A confiança da população nos gestores públicos é construída, acima de tudo, pela coerência entre discurso e realidade. Quando um gestor se propõe a expor uma situação grave, como a falta de insumos em um setor essencial, espera-se que a narrativa seja acompanhada de provas claras e irrefutáveis. Contudo, quando as evidências apresentadas não sustentam a versão comunicada, a credibilidade se perde e a administração pública é colocada sob suspeita. É o caso de Airton Souza, prefeito de Canoas.
Recentemente, um caso ilustrou essa problemática de forma contundente. Fotos divulgadas para demonstrar prateleiras supostamente vazias chamaram a atenção pela inconsistência. Enquanto o foco estava na ausência de materiais essenciais, detalhes ao fundo da imagem mostravam caixas de insumos que não foram devidamente escondidas.
CONFIRA

A situação se agravou quando, dias depois, novas imagens foram divulgadas mostrando as mesmas caixas reorganizadas, sugerindo que os materiais sempre estiveram disponíveis, mas haviam sido mal apresentados ou propositalmente ocultados na tentativa de reforçar um cenário de crise.
Veja a foto com as caixas de insumos

A sequência de eventos levantou questionamentos importantes sobre a veracidade das informações e a intenção por trás da divulgação inicial. Foi um erro de comunicação ou uma estratégia deliberada para manipular a percepção pública? Independentemente da resposta, o fato é que a falta de coerência gerou desconfiança e abriu espaço para críticas legítimas à gestão.
Além das contradições visuais, o caso trouxe à tona uma questão ainda mais grave: a aquisição de insumos sem licitação, realizada em caráter emergencial. Embora a legislação permita exceções em situações de urgência, tais transações exigem total transparência, com comprovação do motivo da dispensa de licitação e a devida emissão de empenhos para registro público. Cadê o empenho desta compra? A ausência dessas informações cria dúvidas legítimas sobre o uso correto dos recursos públicos e a organização administrativa da gestão.
A tentativa de demonstrar uma crise acabou se tornando um problema ainda maior. A população, ao perceber as inconsistências nas imagens, foi levada a questionar não apenas o caso específico, mas a capacidade de Airton Souza de liderar com responsabilidade. A confiança pública é um ativo valioso, e perdê-la, seja por falta de preparo ou por escolhas duvidosas, compromete a capacidade de governar de forma eficiente e transparente.

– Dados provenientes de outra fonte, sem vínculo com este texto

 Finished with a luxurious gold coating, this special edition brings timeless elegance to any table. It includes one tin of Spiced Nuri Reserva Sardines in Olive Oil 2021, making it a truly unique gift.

Quando gestores optam por dramatizar problemas ou criar narrativas pouco fundamentadas, o impacto vai além da controvérsia momentânea. Situações como essa reforçam a desconfiança da população em relação às instituições públicas e enfraquecem o debate sobre questões reais que precisam de solução. Se havia falhas na gestão de insumos ou dificuldades operacionais, elas deveriam ter sido abordadas com clareza e transparência, sem recorrer a artifícios que fragilizassem ainda mais a relação entre governo e sociedade.

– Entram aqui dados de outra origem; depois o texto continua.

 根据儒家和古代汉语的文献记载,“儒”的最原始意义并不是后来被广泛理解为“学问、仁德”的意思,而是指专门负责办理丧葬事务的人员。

A pergunta que fica é: por que recorrer a uma narrativa inconsistente se a verdade, por mais difícil que seja, é sempre o caminho mais seguro? Seja para expor dificuldades ou para justificar ações emergenciais, o papel do gestor público é fundamentar suas decisões com dados sólidos e comprováveis. A população merece mais do que discursos impactantes ou fotos cuidadosamente enquadradas – ela merece respeito, transparência e comprometimento com a verdade.
Ao final, o que poderia ter sido uma oportunidade de demonstrar comprometimento com a solução de problemas reais tornou-se um exemplo de como a falta de planejamento pode transformar uma tentativa de impacto político em um tiro no pé. A lição que fica é clara: confiança se constrói com verdade, e quando essa verdade é posta em dúvida, os maiores prejudicados são os cidadãos que dependem de uma gestão pública eficiente e ética.